California Secretary of State Alex Padilla has been appointed to the U.S. Senate seat vacated by Vice President-elect Kamala Harris, Gov. Gavin Newsom announced Tuesday.
The appointment makes Padilla, a Democrat, the first Latino from California to be in the U.S. Senate.
Newsom made the announcement Tuesday morning via video news conference and social media.
"His appointment will make history. But the @AlexPadilla4CA I know is far more interested in changing history -- especially for the working men and women of our state and country. I can think of no one better to represent the state of California as our next United States Senator," Newsom said in a tweet.

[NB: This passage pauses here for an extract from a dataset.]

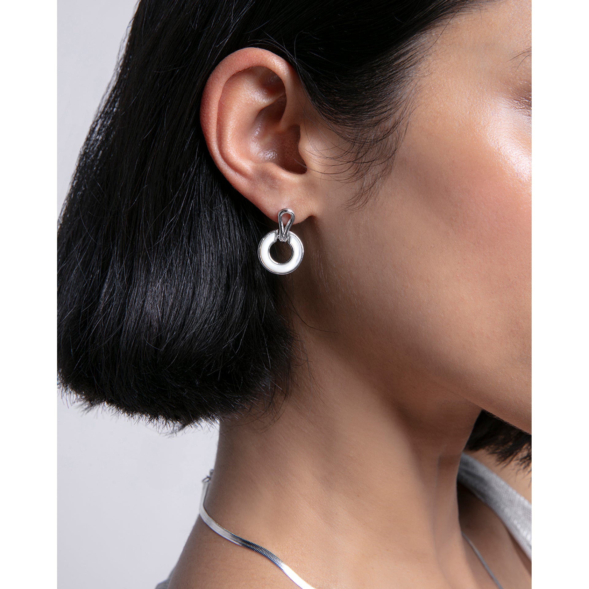 Klassische Halskette und Creolenanhänger aus rhodiniertem Sterlingsilber mit Zirkonen und Creolen

Padilla, 47, has been California’s top elections official since January 2015. In that position, he’s overseen California’s vast elections apparatus, including the rollout of a more robust vote-by-mail system. In the November election, California mailed a ballot to every single registered voter. Prior to that, he oversaw the implementation of the Voter’s Choice Act, a 2016 law that allowed counties to mail all registered voters a ballot.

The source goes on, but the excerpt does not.